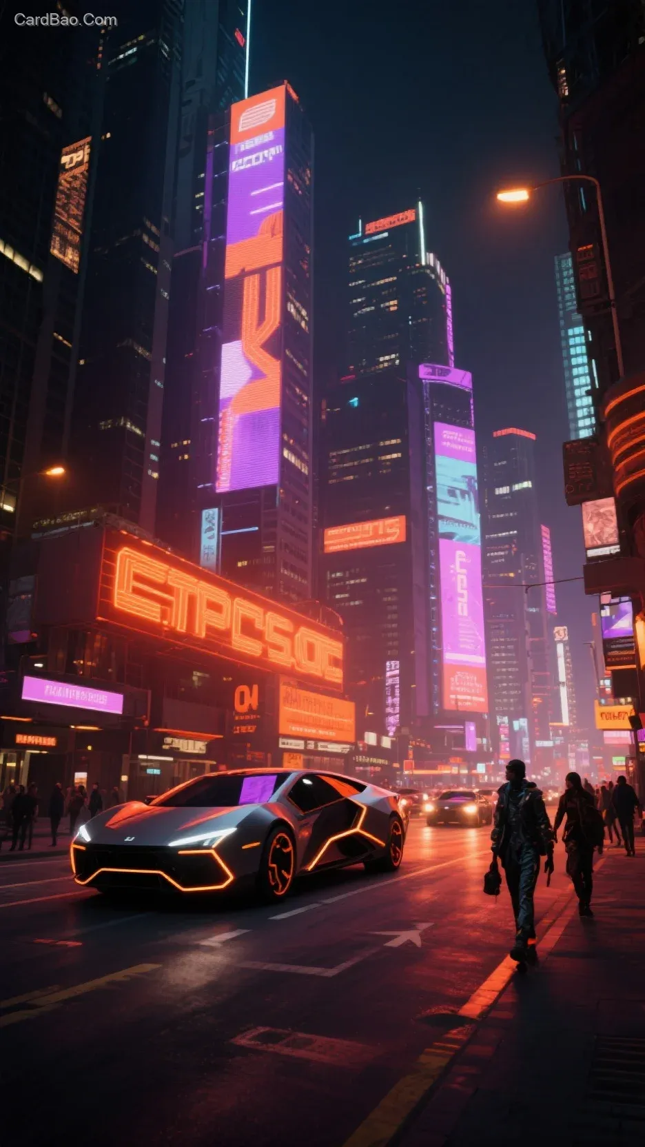 Cyberpunk-style city street scene, a bustling metropolis at night with towering skyscrapers, massive neon-lit advertising billboards flashing with vibrant lights, exuding a futuristic vibe. The streets are filled with uniquely designed, sleek sci-fi vehicles in motion, while pedestrians don futuristic attire. This highly advanced technological future world is dominated by orange-red and purple hues, featuring strong contrasts of light and shadow. Professional composition with the golden ratio technique, embodying cinematic literature and artistic aesthetics.
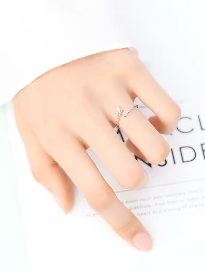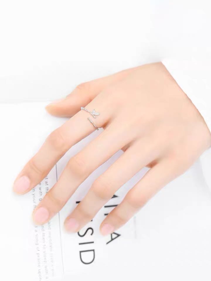 Ins tide personality simple fashion niche design 925 silver adjustment ring female cold wind clear bird see forest index finger ring
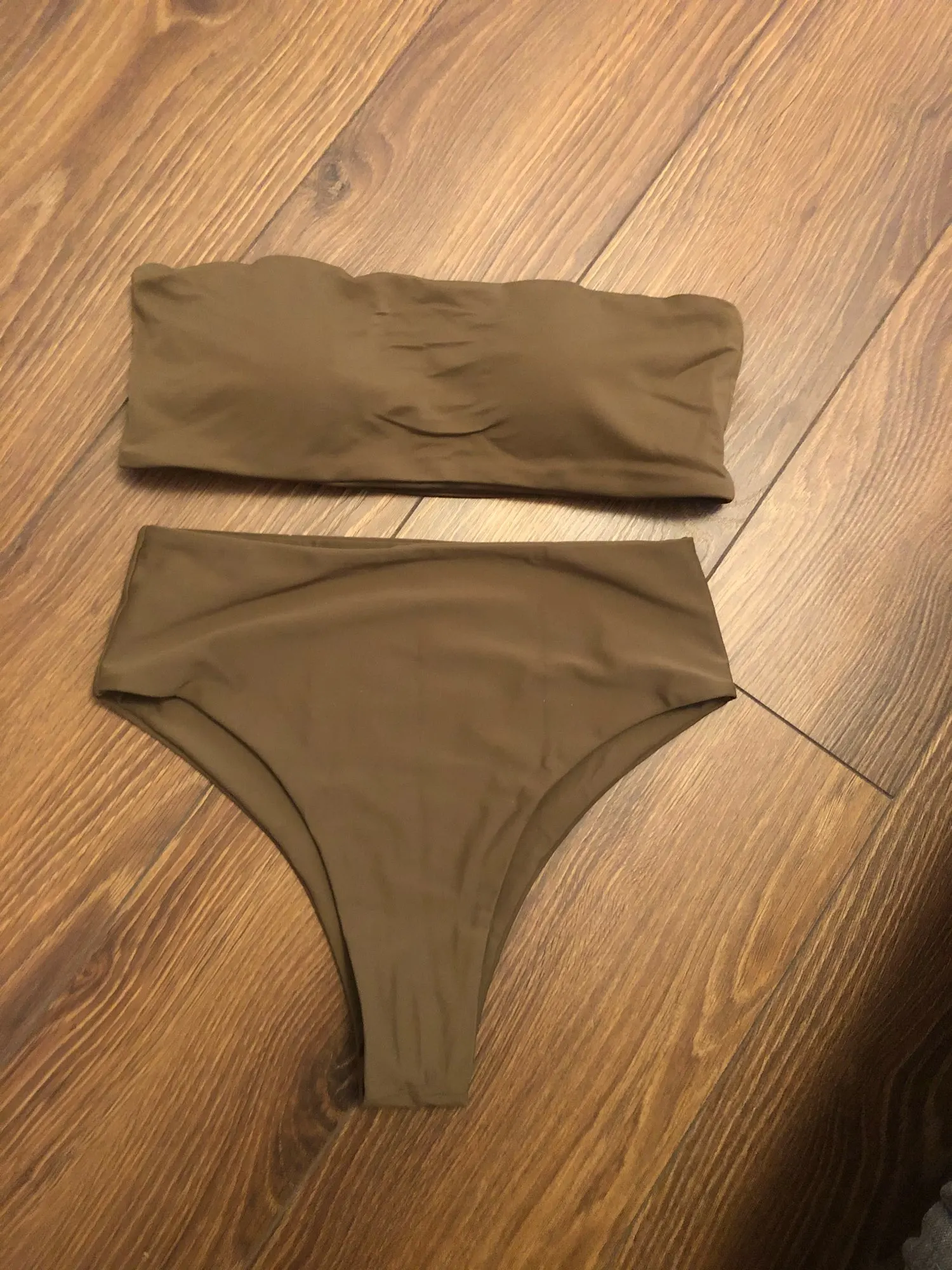 New in 2021 for Women Strapless Bikini Set. Solid Colour Padded High Waist Thong Bottoms Swimwear.

(Exercise description)
Write out, exactly, the lines of the material from the very first through the line containing "Ins tide personality", and leave out every picture.

(Answer)
 Cyberpunk-style city street scene, a bustling metropolis at night with towering skyscrapers, massive neon-lit advertising billboards flashing with vibrant lights, exuding a futuristic vibe. The streets are filled with uniquely designed, sleek sci-fi vehicles in motion, while pedestrians don futuristic attire. This highly advanced technological future world is dominated by orange-red and purple hues, featuring strong contrasts of light and shadow. Professional composition with the golden ratio technique, embodying cinematic literature and artistic aesthetics.
 Ins tide personality simple fashion niche design 925 silver adjustment ring female cold wind clear bird see forest index finger ring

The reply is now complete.